* WORK INSTRUCTIONS
Type out the listing below exactly. Pictures stay out of it.

* SOURCE DATA
..........
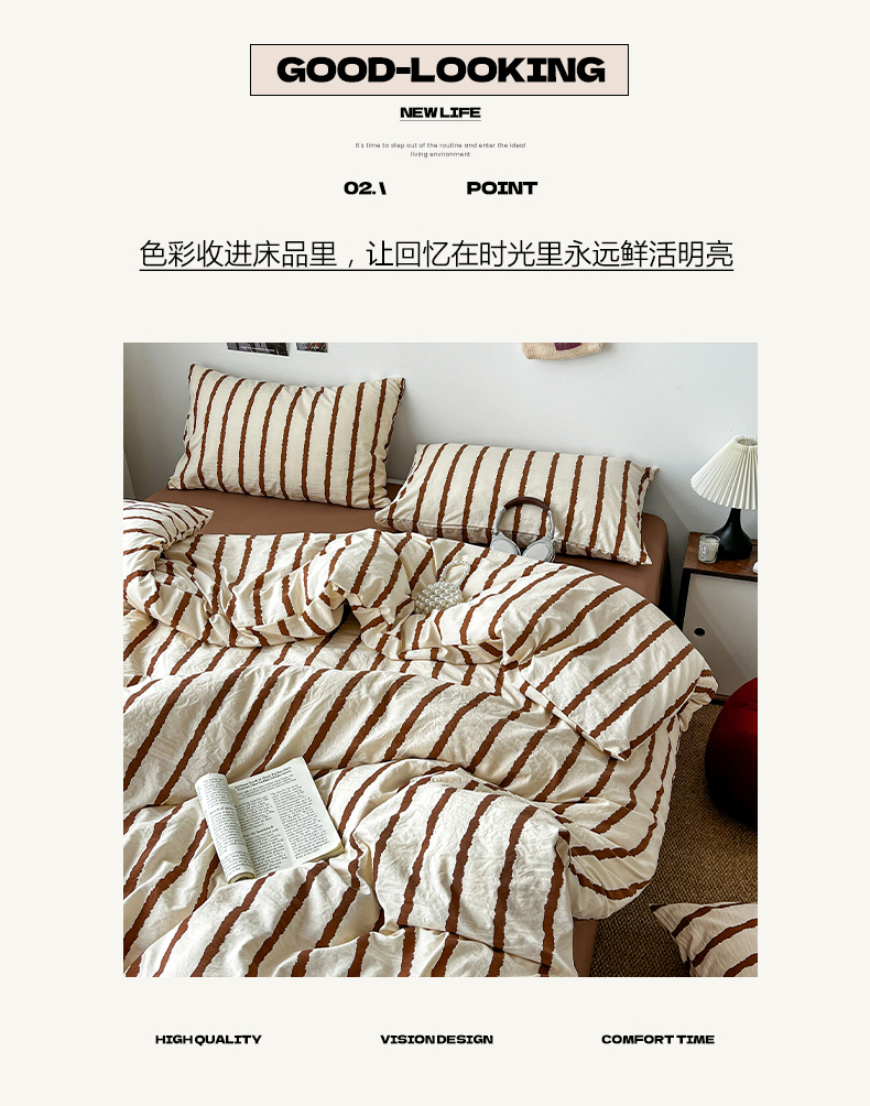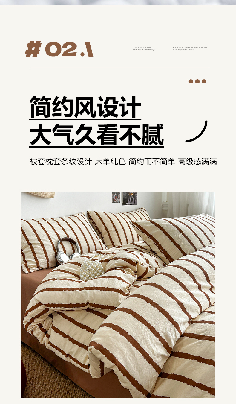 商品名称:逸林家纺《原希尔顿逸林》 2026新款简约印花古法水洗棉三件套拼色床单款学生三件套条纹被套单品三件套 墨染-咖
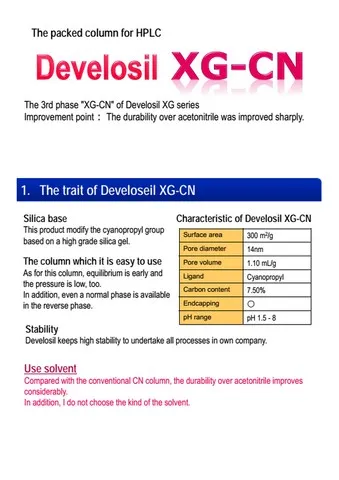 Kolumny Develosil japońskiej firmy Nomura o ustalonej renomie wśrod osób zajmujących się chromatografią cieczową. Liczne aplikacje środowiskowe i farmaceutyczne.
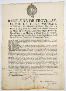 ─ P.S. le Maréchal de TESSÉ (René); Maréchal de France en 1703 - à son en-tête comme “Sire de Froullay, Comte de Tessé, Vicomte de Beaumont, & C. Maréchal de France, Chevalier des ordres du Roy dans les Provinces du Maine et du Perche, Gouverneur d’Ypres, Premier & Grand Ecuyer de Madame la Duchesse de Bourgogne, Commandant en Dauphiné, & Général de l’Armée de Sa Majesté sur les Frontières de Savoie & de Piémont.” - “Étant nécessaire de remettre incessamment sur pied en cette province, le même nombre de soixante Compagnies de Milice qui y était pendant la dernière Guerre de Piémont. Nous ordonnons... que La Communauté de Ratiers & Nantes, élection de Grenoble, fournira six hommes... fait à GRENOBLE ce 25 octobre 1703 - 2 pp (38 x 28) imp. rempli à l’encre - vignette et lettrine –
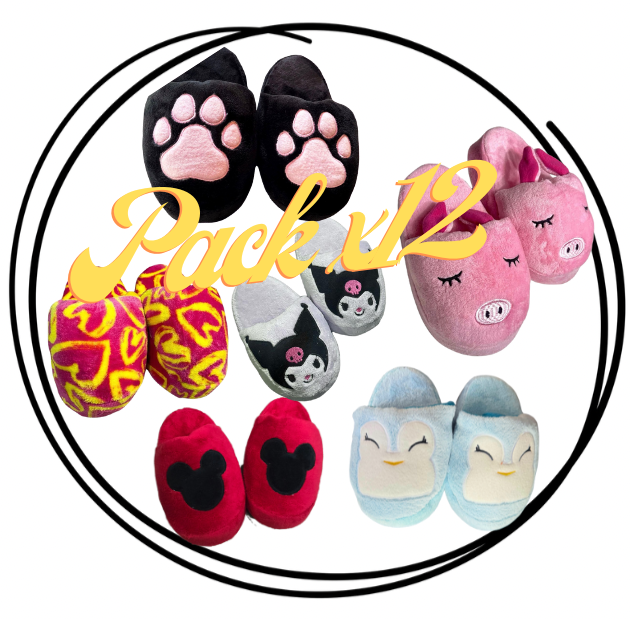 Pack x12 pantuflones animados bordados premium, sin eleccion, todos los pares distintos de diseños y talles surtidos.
..........
* THE ANSWER
 商品名称:逸林家纺《原希尔顿逸林》 2026新款简约印花古法水洗棉三件套拼色床单款学生三件套条纹被套单品三件套 墨染-咖
 Kolumny Develosil japońskiej firmy Nomura o ustalonej renomie wśrod osób zajmujących się chromatografią cieczową. Liczne aplikacje środowiskowe i farmaceutyczne.
 ─ P.S. le Maréchal de TESSÉ (René); Maréchal de France en 1703 - à son en-tête comme “Sire de Froullay, Comte de Tessé, Vicomte de Beaumont, & C. Maréchal de France, Chevalier des ordres du Roy dans les Provinces du Maine et du Perche, Gouverneur d’Ypres, Premier & Grand Ecuyer de Madame la Duchesse de Bourgogne, Commandant en Dauphiné, & Général de l’Armée de Sa Majesté sur les Frontières de Savoie & de Piémont.” - “Étant nécessaire de remettre incessamment sur pied en cette province, le même nombre de soixante Compagnies de Milice qui y était pendant la dernière Guerre de Piémont. Nous ordonnons... que La Communauté de Ratiers & Nantes, élection de Grenoble, fournira six hommes... fait à GRENOBLE ce 25 octobre 1703 - 2 pp (38 x 28) imp. rempli à l’encre - vignette et lettrine –
 Pack x12 pantuflones animados bordados premium, sin eleccion, todos los pares distintos de diseños y talles surtidos.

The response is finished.